Background: The noninvasive diagnosis of chronic
musculoskeletal infections remains a challenge. Recent studies have
indicated that fluorine-18 fluorodeoxyglucose-positron emission
tomography is a highly accurate imaging technique and is significantly more
accurate than the combination of a bone scan and a white blood-cell
scan for the diagnosis of chronic infection in the central skeleton
(p < 0.05). However, patients who had had surgery within
the previous two years were excluded from study. It was our aim
to evaluate the technique in an unselected, clinically representative
population.
Methods: Sixty patients with a suspected chronic
musculoskeletal infection involving the central skeleton (thirty-three
patients) or the peripheral skeleton (twenty-seven patients) were
studied with fluorine-18 fluorodeoxyglucose-positron emission tomography.

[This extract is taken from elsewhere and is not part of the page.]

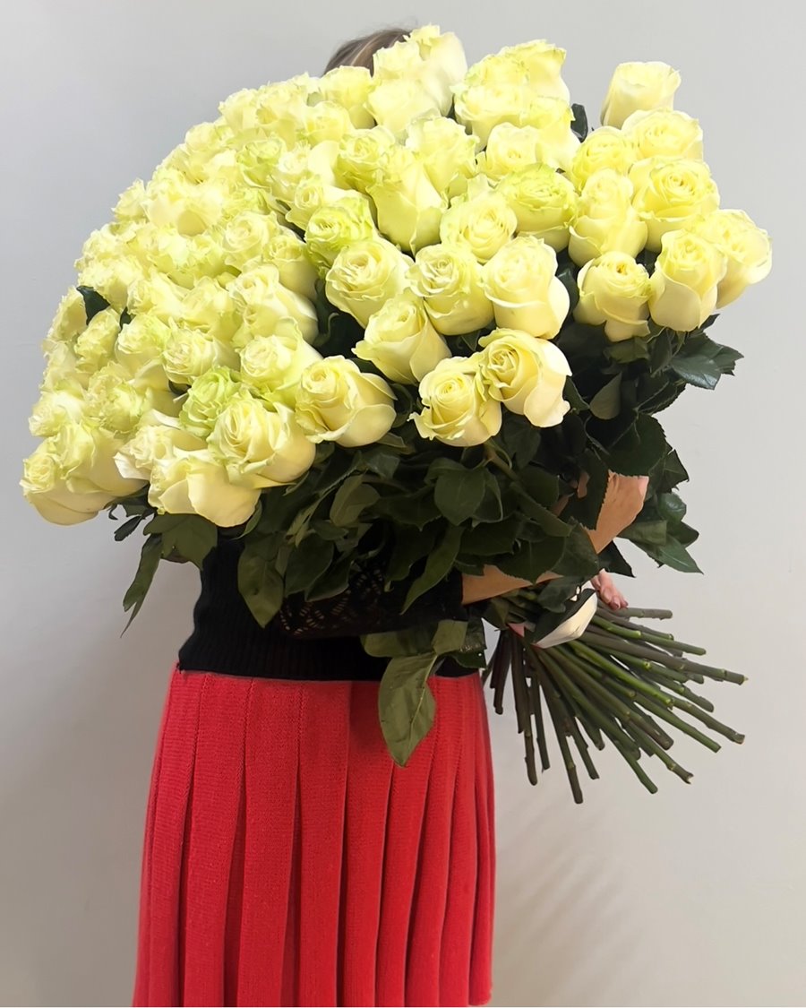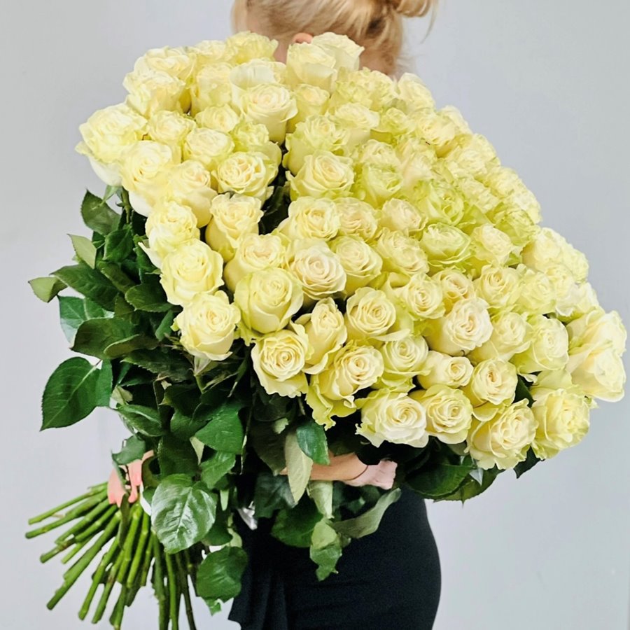 75 белых роз «Мондиаль» 80 см (Эквадор) — купить в Санкт-Петербурге

Thirty-five patients had had surgery within the previous two years.
The fluorine-18 fluorodeoxyglucose-positron emission tomography
studies were read in a blinded, independent manner by two experienced
readers. The final diagnosis was based on histopathological studies
or microbiological culture (eighteen patients) or on clinical findings
after at least six months of follow-up (forty-two patients).
Results: On the final composite assessment, twenty-five patients
had infection and thirty-five did not. All twenty-five infections
were correctly identified by both readers. There were four false-positive
findings; in two of these cases, surgery had been performed less
than six months prior to the study. The sensitivity, specificity,
and accuracy were 100%, 88%, and 93% for
the whole group; 100%, 90%, and 94% for
the subgroup of patients with a suspected infection of the central
skeleton; and 100%, 86%, and 93% for
the subgroup of patients with a suspected infection of the peripheral
skeleton. Interobserver agreement was excellent (kappa = 0.97).
Conclusions: Fluorine-18 fluorodeoxyglucose-positron
emission tomography is highly accurate as a single technique for
the evaluation of chronic musculoskeletal infections. It is especially
valuable in the evaluation of the central skeleton, where white
blood-cell scans are less useful. Because of its simplicity and
high degree of accuracy, it has the potential to become a standard
technique for the diagnosis of chronic musculoskeletal infections.
Further studies are needed to assess its ability to identify infections
at the sites of total joint replacements and to distinguish infection
from aseptic loosening of these prostheses.